Materials provided below:

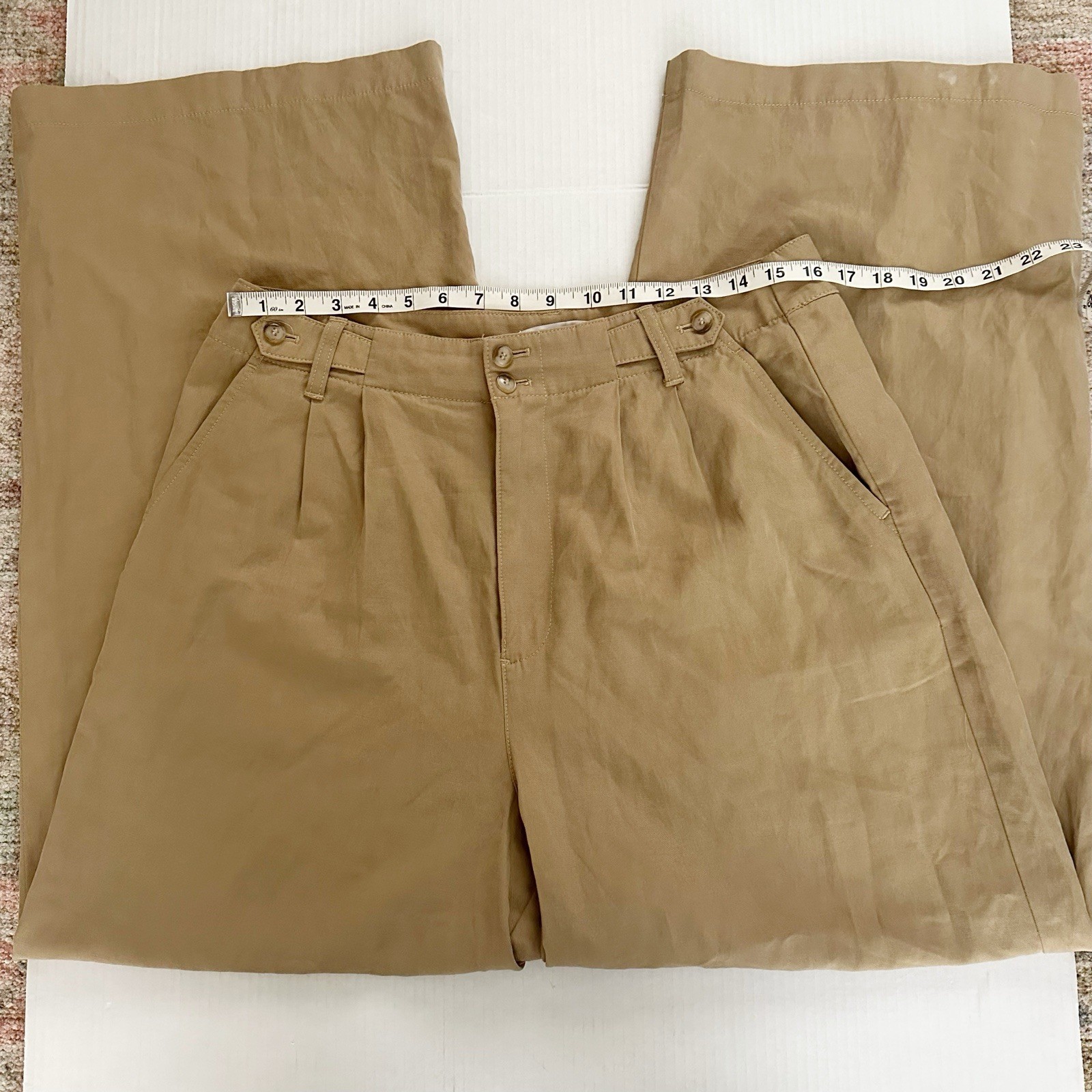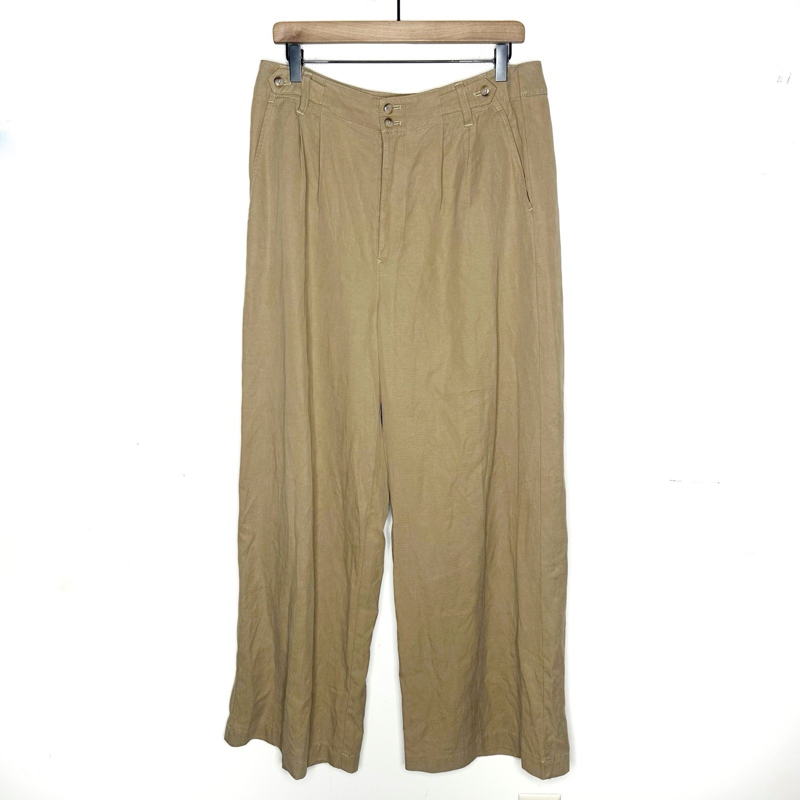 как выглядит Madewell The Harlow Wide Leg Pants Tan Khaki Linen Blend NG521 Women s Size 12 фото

End of Materials provided.
Materials provided below:

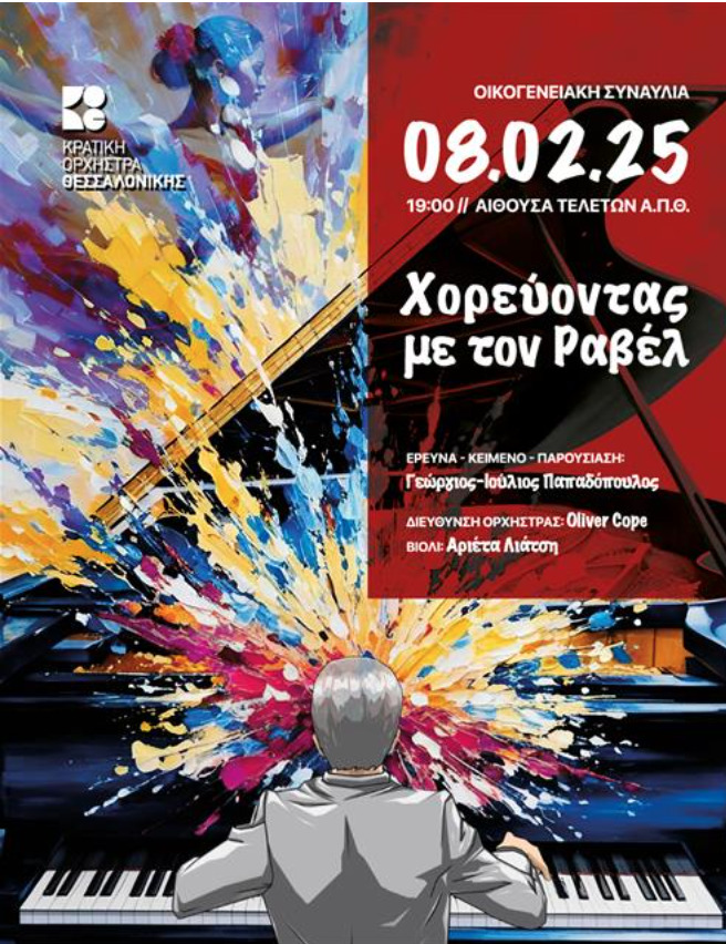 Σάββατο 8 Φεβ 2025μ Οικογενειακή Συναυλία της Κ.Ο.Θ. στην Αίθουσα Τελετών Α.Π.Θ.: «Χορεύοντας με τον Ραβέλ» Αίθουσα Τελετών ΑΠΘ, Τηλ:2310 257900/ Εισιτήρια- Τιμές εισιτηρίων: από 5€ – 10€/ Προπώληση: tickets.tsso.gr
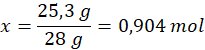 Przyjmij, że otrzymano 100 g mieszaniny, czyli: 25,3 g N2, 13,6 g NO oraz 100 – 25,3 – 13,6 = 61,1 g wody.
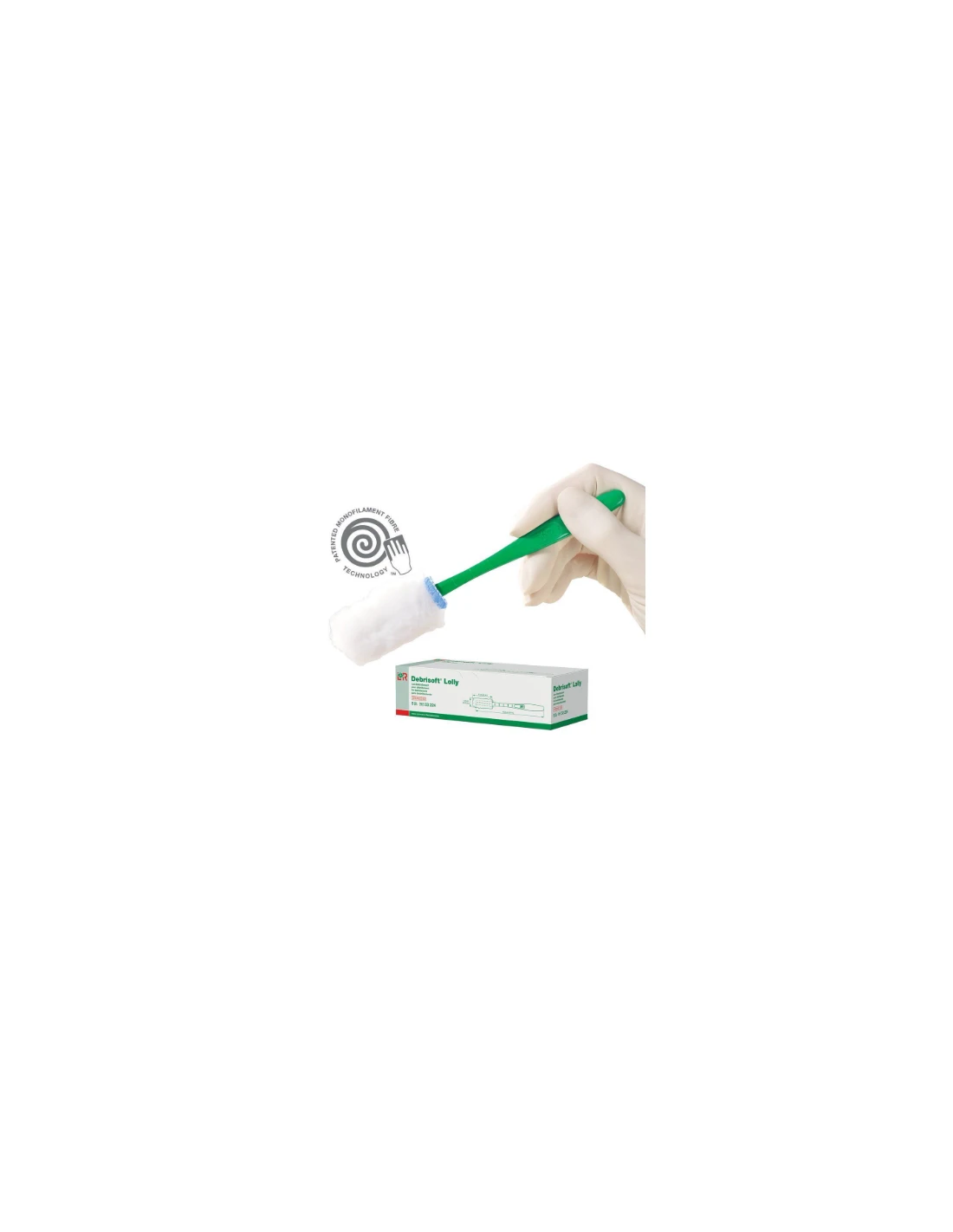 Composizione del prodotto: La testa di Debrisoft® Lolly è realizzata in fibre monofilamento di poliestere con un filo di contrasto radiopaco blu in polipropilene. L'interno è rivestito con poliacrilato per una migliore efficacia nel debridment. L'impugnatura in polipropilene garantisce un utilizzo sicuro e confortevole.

End of Materials provided.

■ What you are asked to do
Leave out every picture, and copy exactly the lines above starting at the one holding "Σάββατο 8 Φεβ" and ending at the one holding "Composizione del prodotto: La", no more and no less.

■ Solution
 Σάββατο 8 Φεβ 2025μ Οικογενειακή Συναυλία της Κ.Ο.Θ. στην Αίθουσα Τελετών Α.Π.Θ.: «Χορεύοντας με τον Ραβέλ» Αίθουσα Τελετών ΑΠΘ, Τηλ:2310 257900/ Εισιτήρια- Τιμές εισιτηρίων: από 5€ – 10€/ Προπώληση: tickets.tsso.gr
 Przyjmij, że otrzymano 100 g mieszaniny, czyli: 25,3 g N2, 13,6 g NO oraz 100 – 25,3 – 13,6 = 61,1 g wody.
 Composizione del prodotto: La testa di Debrisoft® Lolly è realizzata in fibre monofilamento di poliestere con un filo di contrasto radiopaco blu in polipropilene. L'interno è rivestito con poliacrilato per una migliore efficacia nel debridment. L'impugnatura in polipropilene garantisce un utilizzo sicuro e confortevole.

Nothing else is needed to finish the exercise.